Отправная точка мысли Кириллова, равно как и у Ницше, – размышление о Христе и о судьбе Христианства. Христос наставил человечество на путь Божий, помог ему встретиться с вечностью. Бесплодные усилия человечества обращаются против него и порождают кошмарный мир извращенной трансцендерности. Если воскресения не было и Христос – это уникальное существо – не избег естественного закона, нужно отречься от его безумия, отречься от бесконечного. Нужно уничтожить постхристианский мир, утвердить человека в его земном бытии и доказать ему, что нет света, кроме его собственного. Однако, чтобы избавиться от Бога, недостаточно отринуть его скрепя сердце. Люди не могут забыть евангельского закона сверхчеловеческой любви, обращенной их слабостью в ненависть. Так в инфернальном кругу замаранных преступлением и стыдом «бесов» Кириллов свидетельствует об открытой ране божественного.
Желания Христианина преображаются жаждой бессмертия, которую не способны утолить ни наука, ни гуманизм, а философский атеизм и социальные утопии продолжают свою сумасшедшую гонку, где каждый стремится похитить у своего ближнего его призрачную божественность.
Чтобы отменить христианство, необходимо обернуть желания вспять, обратиться от
Однако предприятие это у него не ограничивается одной лишь идеей.

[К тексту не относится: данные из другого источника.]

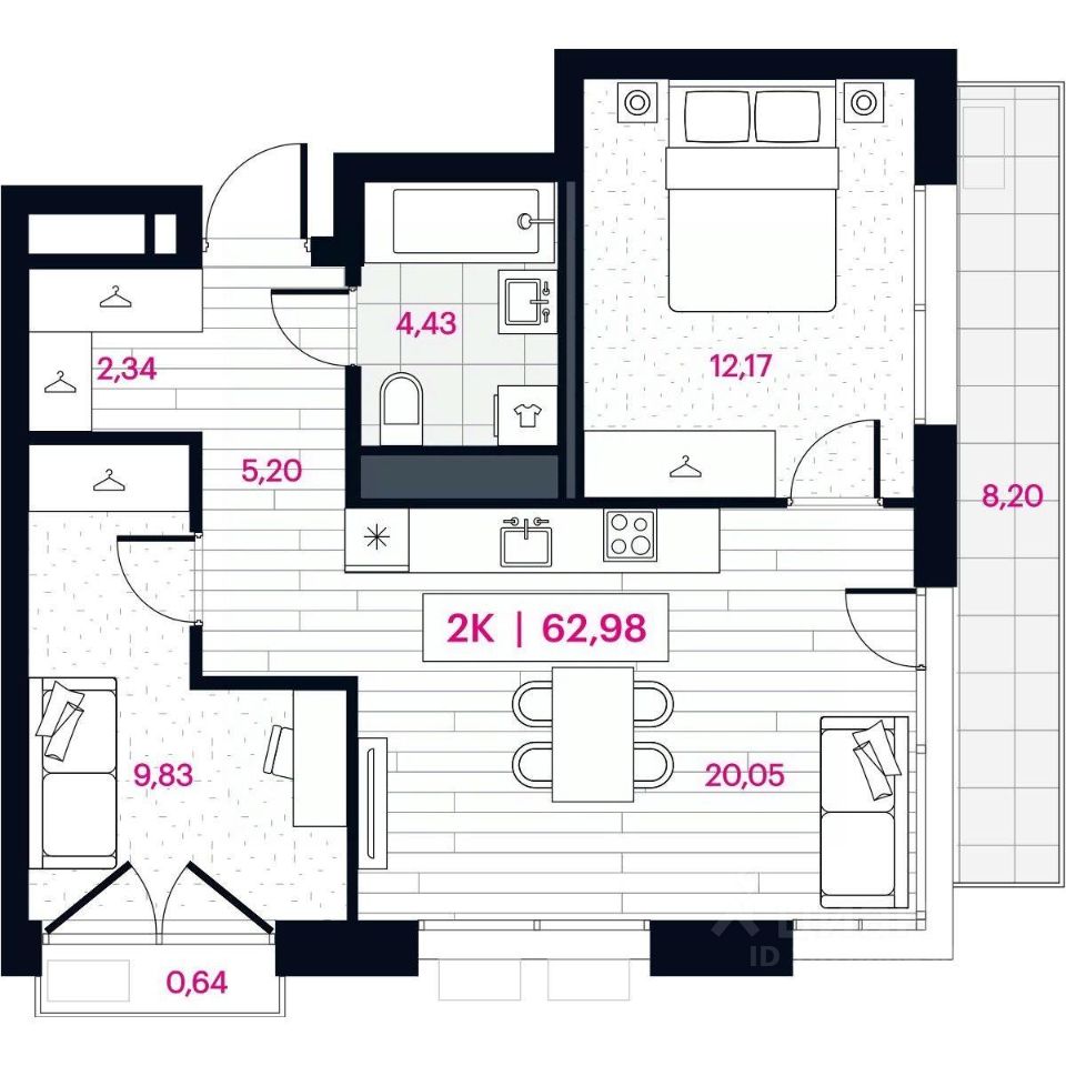 Общая площадь62,98 м2
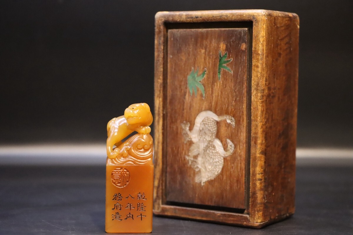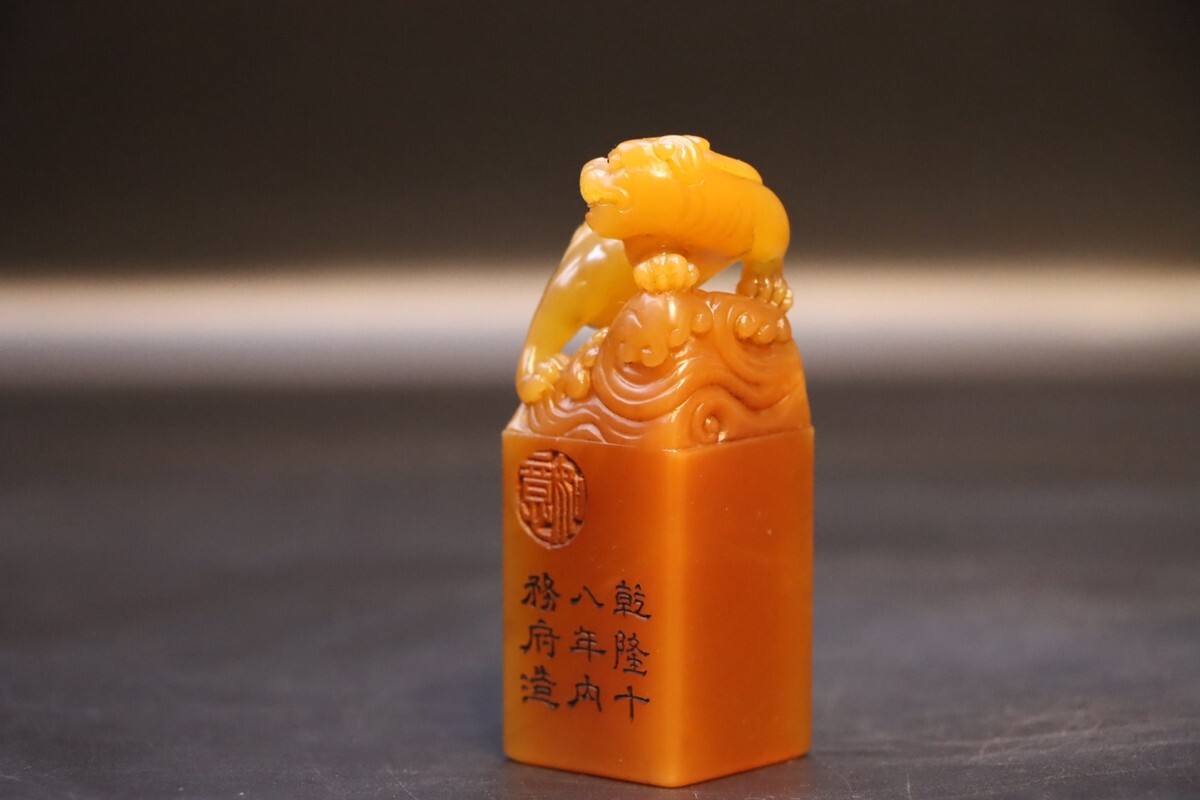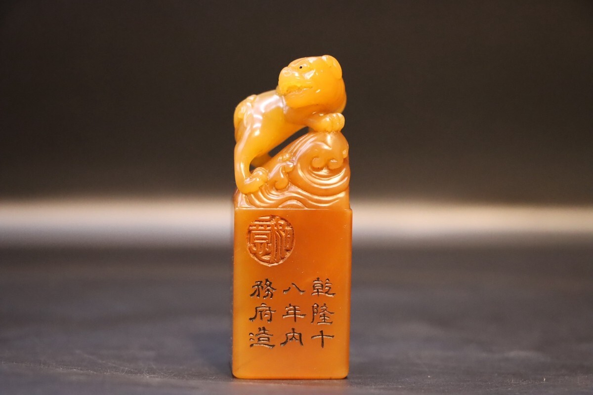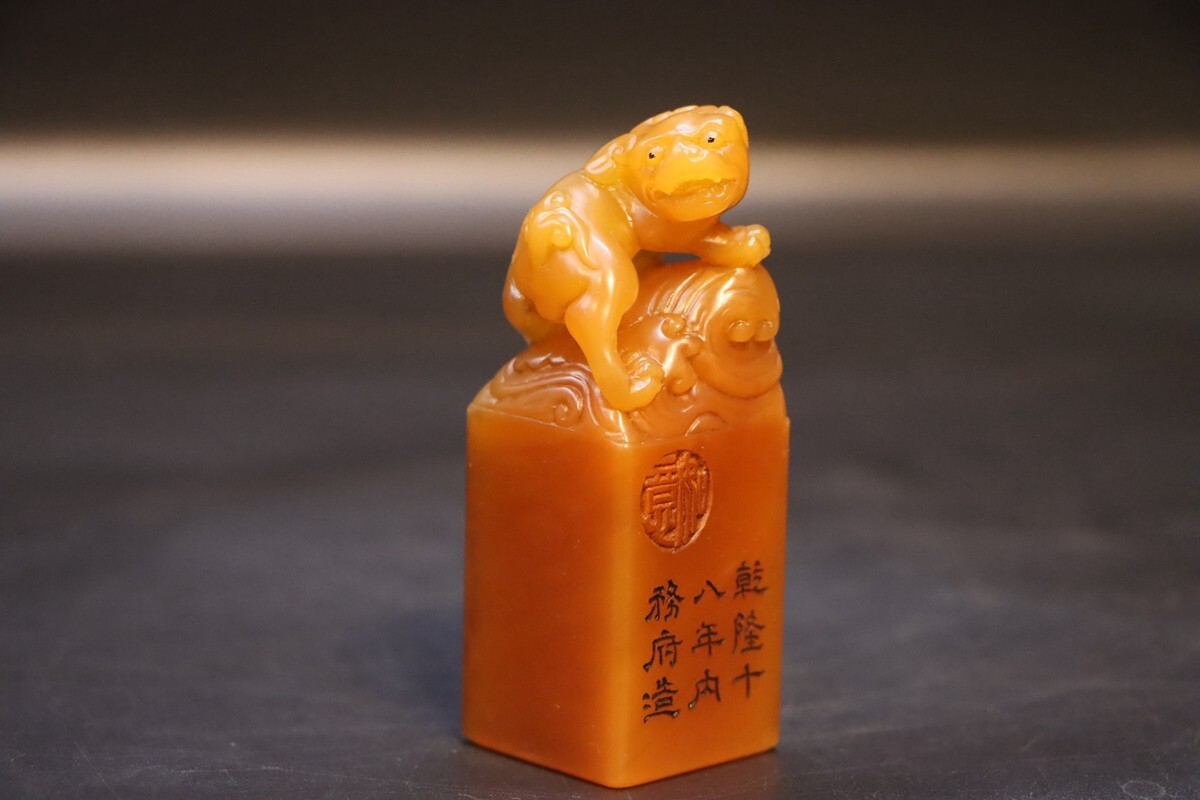 清代 乾隆十八年内務府造 老寿山石 田黄石彫 獣鈕印章【仁】極細工 手彫り 中国古賞物 古美術 蔵出

Он не напишет потрясающей книги, а устремится к воплощению духа в решительном жесте. Пожелать собственного небытия означает идти до самого хрупкого предела своей человечности, пожелать себя смертным – и мертвым.
Убивая себя, Кириллов надеется привязать себя к себе самому в головокружительном возобладании. Но зачем же для этого завоевания умирать? Некоторые говорят, что беспокоиться о смерти не стоит, потому что это всего лишь идея, а сама смерть всегда остается вне границ индивидуального опыта.
С этим Кириллов вполне согласен; вечность по сути обретается в нас; идея идеей, но проговорить ее недостаточно – ее следует испытать, и сделать это предстоит человеку, развращенному двумя тысячелетиями христианства. Философский треп еще никого – и даже самих философов – не избавил от страха смерти.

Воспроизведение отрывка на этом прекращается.